» BRIEF:
Character for character, reproduce every entry below.

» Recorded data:
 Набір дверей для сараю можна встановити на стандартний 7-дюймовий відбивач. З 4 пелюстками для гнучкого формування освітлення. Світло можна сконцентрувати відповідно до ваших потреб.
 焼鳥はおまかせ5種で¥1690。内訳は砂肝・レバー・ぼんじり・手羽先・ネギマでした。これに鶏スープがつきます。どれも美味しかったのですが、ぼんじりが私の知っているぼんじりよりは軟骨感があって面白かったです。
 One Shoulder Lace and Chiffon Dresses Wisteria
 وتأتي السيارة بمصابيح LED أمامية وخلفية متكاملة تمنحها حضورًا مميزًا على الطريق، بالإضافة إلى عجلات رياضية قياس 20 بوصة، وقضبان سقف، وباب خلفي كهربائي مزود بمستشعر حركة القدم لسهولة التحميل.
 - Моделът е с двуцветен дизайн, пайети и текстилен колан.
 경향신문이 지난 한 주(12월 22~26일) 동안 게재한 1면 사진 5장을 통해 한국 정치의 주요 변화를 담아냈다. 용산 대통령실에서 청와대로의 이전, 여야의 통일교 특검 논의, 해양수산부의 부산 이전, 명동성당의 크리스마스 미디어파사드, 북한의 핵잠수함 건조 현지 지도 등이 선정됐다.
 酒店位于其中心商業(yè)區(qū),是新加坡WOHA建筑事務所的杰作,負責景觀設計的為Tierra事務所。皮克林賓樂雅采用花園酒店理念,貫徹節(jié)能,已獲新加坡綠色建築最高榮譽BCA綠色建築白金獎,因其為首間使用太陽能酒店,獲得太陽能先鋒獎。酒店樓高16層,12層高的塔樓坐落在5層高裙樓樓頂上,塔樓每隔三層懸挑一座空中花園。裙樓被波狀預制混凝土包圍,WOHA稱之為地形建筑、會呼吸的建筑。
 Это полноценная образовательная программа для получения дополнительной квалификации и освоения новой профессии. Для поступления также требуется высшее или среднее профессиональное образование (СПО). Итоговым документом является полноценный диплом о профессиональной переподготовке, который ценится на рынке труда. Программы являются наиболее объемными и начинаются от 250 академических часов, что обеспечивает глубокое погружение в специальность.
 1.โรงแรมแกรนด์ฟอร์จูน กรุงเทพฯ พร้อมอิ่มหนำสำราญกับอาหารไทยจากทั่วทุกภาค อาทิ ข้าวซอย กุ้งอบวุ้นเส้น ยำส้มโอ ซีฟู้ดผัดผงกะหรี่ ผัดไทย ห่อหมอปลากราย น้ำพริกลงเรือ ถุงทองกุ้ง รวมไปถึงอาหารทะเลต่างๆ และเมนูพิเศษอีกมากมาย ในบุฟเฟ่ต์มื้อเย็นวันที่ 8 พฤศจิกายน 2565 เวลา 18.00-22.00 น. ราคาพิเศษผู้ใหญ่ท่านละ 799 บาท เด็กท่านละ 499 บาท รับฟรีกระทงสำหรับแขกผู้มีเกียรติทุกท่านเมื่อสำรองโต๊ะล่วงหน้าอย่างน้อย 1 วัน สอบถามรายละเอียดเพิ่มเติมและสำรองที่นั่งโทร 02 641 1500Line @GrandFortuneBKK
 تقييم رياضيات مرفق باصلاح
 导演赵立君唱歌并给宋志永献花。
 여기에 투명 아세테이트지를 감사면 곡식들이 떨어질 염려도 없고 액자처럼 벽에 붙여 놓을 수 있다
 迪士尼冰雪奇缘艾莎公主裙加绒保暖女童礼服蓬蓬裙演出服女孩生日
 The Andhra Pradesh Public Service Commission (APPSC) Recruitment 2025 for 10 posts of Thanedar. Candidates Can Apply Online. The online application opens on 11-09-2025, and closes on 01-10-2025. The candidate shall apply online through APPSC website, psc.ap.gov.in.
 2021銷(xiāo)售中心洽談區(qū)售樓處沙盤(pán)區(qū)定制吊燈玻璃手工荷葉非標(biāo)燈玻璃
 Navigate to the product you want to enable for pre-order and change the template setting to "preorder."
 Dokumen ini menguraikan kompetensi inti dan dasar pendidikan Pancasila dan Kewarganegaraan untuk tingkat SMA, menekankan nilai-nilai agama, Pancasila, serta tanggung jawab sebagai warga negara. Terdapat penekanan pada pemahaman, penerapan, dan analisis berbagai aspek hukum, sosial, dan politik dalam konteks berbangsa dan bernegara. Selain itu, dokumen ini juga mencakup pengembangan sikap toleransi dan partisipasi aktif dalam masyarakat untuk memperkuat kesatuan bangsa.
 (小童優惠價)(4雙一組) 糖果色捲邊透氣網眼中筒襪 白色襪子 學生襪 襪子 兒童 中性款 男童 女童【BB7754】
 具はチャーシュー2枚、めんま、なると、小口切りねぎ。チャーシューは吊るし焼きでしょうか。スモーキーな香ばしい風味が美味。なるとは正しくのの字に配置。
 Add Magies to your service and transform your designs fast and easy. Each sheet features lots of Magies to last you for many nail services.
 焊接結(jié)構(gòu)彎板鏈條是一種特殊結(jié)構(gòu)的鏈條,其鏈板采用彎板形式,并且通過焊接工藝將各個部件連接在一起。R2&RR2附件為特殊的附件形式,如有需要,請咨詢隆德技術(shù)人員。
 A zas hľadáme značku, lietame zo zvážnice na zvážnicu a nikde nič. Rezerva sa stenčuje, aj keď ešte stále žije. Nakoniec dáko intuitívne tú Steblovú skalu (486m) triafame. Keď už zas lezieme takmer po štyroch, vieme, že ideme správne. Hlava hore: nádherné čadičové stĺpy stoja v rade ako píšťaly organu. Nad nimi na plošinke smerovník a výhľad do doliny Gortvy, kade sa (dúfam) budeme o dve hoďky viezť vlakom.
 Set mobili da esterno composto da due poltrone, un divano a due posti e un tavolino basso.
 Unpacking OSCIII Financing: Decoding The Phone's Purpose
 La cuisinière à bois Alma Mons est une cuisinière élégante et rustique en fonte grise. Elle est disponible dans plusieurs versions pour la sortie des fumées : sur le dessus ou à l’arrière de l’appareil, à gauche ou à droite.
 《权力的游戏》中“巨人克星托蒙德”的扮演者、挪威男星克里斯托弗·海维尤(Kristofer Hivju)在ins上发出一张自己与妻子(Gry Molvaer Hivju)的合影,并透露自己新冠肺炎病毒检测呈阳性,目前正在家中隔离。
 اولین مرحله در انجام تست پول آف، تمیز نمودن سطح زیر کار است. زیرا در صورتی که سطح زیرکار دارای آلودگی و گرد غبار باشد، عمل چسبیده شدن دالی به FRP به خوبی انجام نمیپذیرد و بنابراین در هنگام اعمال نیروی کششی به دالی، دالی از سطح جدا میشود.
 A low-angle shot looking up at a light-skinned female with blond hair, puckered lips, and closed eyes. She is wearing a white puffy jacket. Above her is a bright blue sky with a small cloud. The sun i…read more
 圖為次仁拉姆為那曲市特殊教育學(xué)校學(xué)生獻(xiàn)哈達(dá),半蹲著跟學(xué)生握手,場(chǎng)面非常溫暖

» FINAL ANSWER:
 Набір дверей для сараю можна встановити на стандартний 7-дюймовий відбивач. З 4 пелюстками для гнучкого формування освітлення. Світло можна сконцентрувати відповідно до ваших потреб.
 焼鳥はおまかせ5種で¥1690。内訳は砂肝・レバー・ぼんじり・手羽先・ネギマでした。これに鶏スープがつきます。どれも美味しかったのですが、ぼんじりが私の知っているぼんじりよりは軟骨感があって面白かったです。
 One Shoulder Lace and Chiffon Dresses Wisteria
 وتأتي السيارة بمصابيح LED أمامية وخلفية متكاملة تمنحها حضورًا مميزًا على الطريق، بالإضافة إلى عجلات رياضية قياس 20 بوصة، وقضبان سقف، وباب خلفي كهربائي مزود بمستشعر حركة القدم لسهولة التحميل.
 - Моделът е с двуцветен дизайн, пайети и текстилен колан.
 경향신문이 지난 한 주(12월 22~26일) 동안 게재한 1면 사진 5장을 통해 한국 정치의 주요 변화를 담아냈다. 용산 대통령실에서 청와대로의 이전, 여야의 통일교 특검 논의, 해양수산부의 부산 이전, 명동성당의 크리스마스 미디어파사드, 북한의 핵잠수함 건조 현지 지도 등이 선정됐다.
 酒店位于其中心商業(yè)區(qū),是新加坡WOHA建筑事務所的杰作,負責景觀設計的為Tierra事務所。皮克林賓樂雅采用花園酒店理念,貫徹節(jié)能,已獲新加坡綠色建築最高榮譽BCA綠色建築白金獎,因其為首間使用太陽能酒店,獲得太陽能先鋒獎。酒店樓高16層,12層高的塔樓坐落在5層高裙樓樓頂上,塔樓每隔三層懸挑一座空中花園。裙樓被波狀預制混凝土包圍,WOHA稱之為地形建筑、會呼吸的建筑。
 Это полноценная образовательная программа для получения дополнительной квалификации и освоения новой профессии. Для поступления также требуется высшее или среднее профессиональное образование (СПО). Итоговым документом является полноценный диплом о профессиональной переподготовке, который ценится на рынке труда. Программы являются наиболее объемными и начинаются от 250 академических часов, что обеспечивает глубокое погружение в специальность.
 1.โรงแรมแกรนด์ฟอร์จูน กรุงเทพฯ พร้อมอิ่มหนำสำราญกับอาหารไทยจากทั่วทุกภาค อาทิ ข้าวซอย กุ้งอบวุ้นเส้น ยำส้มโอ ซีฟู้ดผัดผงกะหรี่ ผัดไทย ห่อหมอปลากราย น้ำพริกลงเรือ ถุงทองกุ้ง รวมไปถึงอาหารทะเลต่างๆ และเมนูพิเศษอีกมากมาย ในบุฟเฟ่ต์มื้อเย็นวันที่ 8 พฤศจิกายน 2565 เวลา 18.00-22.00 น. ราคาพิเศษผู้ใหญ่ท่านละ 799 บาท เด็กท่านละ 499 บาท รับฟรีกระทงสำหรับแขกผู้มีเกียรติทุกท่านเมื่อสำรองโต๊ะล่วงหน้าอย่างน้อย 1 วัน สอบถามรายละเอียดเพิ่มเติมและสำรองที่นั่งโทร 02 641 1500Line @GrandFortuneBKK
 تقييم رياضيات مرفق باصلاح
 导演赵立君唱歌并给宋志永献花。
 여기에 투명 아세테이트지를 감사면 곡식들이 떨어질 염려도 없고 액자처럼 벽에 붙여 놓을 수 있다
 迪士尼冰雪奇缘艾莎公主裙加绒保暖女童礼服蓬蓬裙演出服女孩生日
 The Andhra Pradesh Public Service Commission (APPSC) Recruitment 2025 for 10 posts of Thanedar. Candidates Can Apply Online. The online application opens on 11-09-2025, and closes on 01-10-2025. The candidate shall apply online through APPSC website, psc.ap.gov.in.
 2021銷(xiāo)售中心洽談區(qū)售樓處沙盤(pán)區(qū)定制吊燈玻璃手工荷葉非標(biāo)燈玻璃
 Navigate to the product you want to enable for pre-order and change the template setting to "preorder."
 Dokumen ini menguraikan kompetensi inti dan dasar pendidikan Pancasila dan Kewarganegaraan untuk tingkat SMA, menekankan nilai-nilai agama, Pancasila, serta tanggung jawab sebagai warga negara. Terdapat penekanan pada pemahaman, penerapan, dan analisis berbagai aspek hukum, sosial, dan politik dalam konteks berbangsa dan bernegara. Selain itu, dokumen ini juga mencakup pengembangan sikap toleransi dan partisipasi aktif dalam masyarakat untuk memperkuat kesatuan bangsa.
 (小童優惠價)(4雙一組) 糖果色捲邊透氣網眼中筒襪 白色襪子 學生襪 襪子 兒童 中性款 男童 女童【BB7754】
 具はチャーシュー2枚、めんま、なると、小口切りねぎ。チャーシューは吊るし焼きでしょうか。スモーキーな香ばしい風味が美味。なるとは正しくのの字に配置。
 Add Magies to your service and transform your designs fast and easy. Each sheet features lots of Magies to last you for many nail services.
 焊接結(jié)構(gòu)彎板鏈條是一種特殊結(jié)構(gòu)的鏈條,其鏈板采用彎板形式,并且通過焊接工藝將各個部件連接在一起。R2&RR2附件為特殊的附件形式,如有需要,請咨詢隆德技術(shù)人員。
 A zas hľadáme značku, lietame zo zvážnice na zvážnicu a nikde nič. Rezerva sa stenčuje, aj keď ešte stále žije. Nakoniec dáko intuitívne tú Steblovú skalu (486m) triafame. Keď už zas lezieme takmer po štyroch, vieme, že ideme správne. Hlava hore: nádherné čadičové stĺpy stoja v rade ako píšťaly organu. Nad nimi na plošinke smerovník a výhľad do doliny Gortvy, kade sa (dúfam) budeme o dve hoďky viezť vlakom.
 Set mobili da esterno composto da due poltrone, un divano a due posti e un tavolino basso.
 Unpacking OSCIII Financing: Decoding The Phone's Purpose
 La cuisinière à bois Alma Mons est une cuisinière élégante et rustique en fonte grise. Elle est disponible dans plusieurs versions pour la sortie des fumées : sur le dessus ou à l’arrière de l’appareil, à gauche ou à droite.
 《权力的游戏》中“巨人克星托蒙德”的扮演者、挪威男星克里斯托弗·海维尤(Kristofer Hivju)在ins上发出一张自己与妻子(Gry Molvaer Hivju)的合影,并透露自己新冠肺炎病毒检测呈阳性,目前正在家中隔离。
 اولین مرحله در انجام تست پول آف، تمیز نمودن سطح زیر کار است. زیرا در صورتی که سطح زیرکار دارای آلودگی و گرد غبار باشد، عمل چسبیده شدن دالی به FRP به خوبی انجام نمیپذیرد و بنابراین در هنگام اعمال نیروی کششی به دالی، دالی از سطح جدا میشود.
 A low-angle shot looking up at a light-skinned female with blond hair, puckered lips, and closed eyes. She is wearing a white puffy jacket. Above her is a bright blue sky with a small cloud. The sun i…read more
 圖為次仁拉姆為那曲市特殊教育學(xué)校學(xué)生獻(xiàn)哈達(dá),半蹲著跟學(xué)生握手,場(chǎng)面非常溫暖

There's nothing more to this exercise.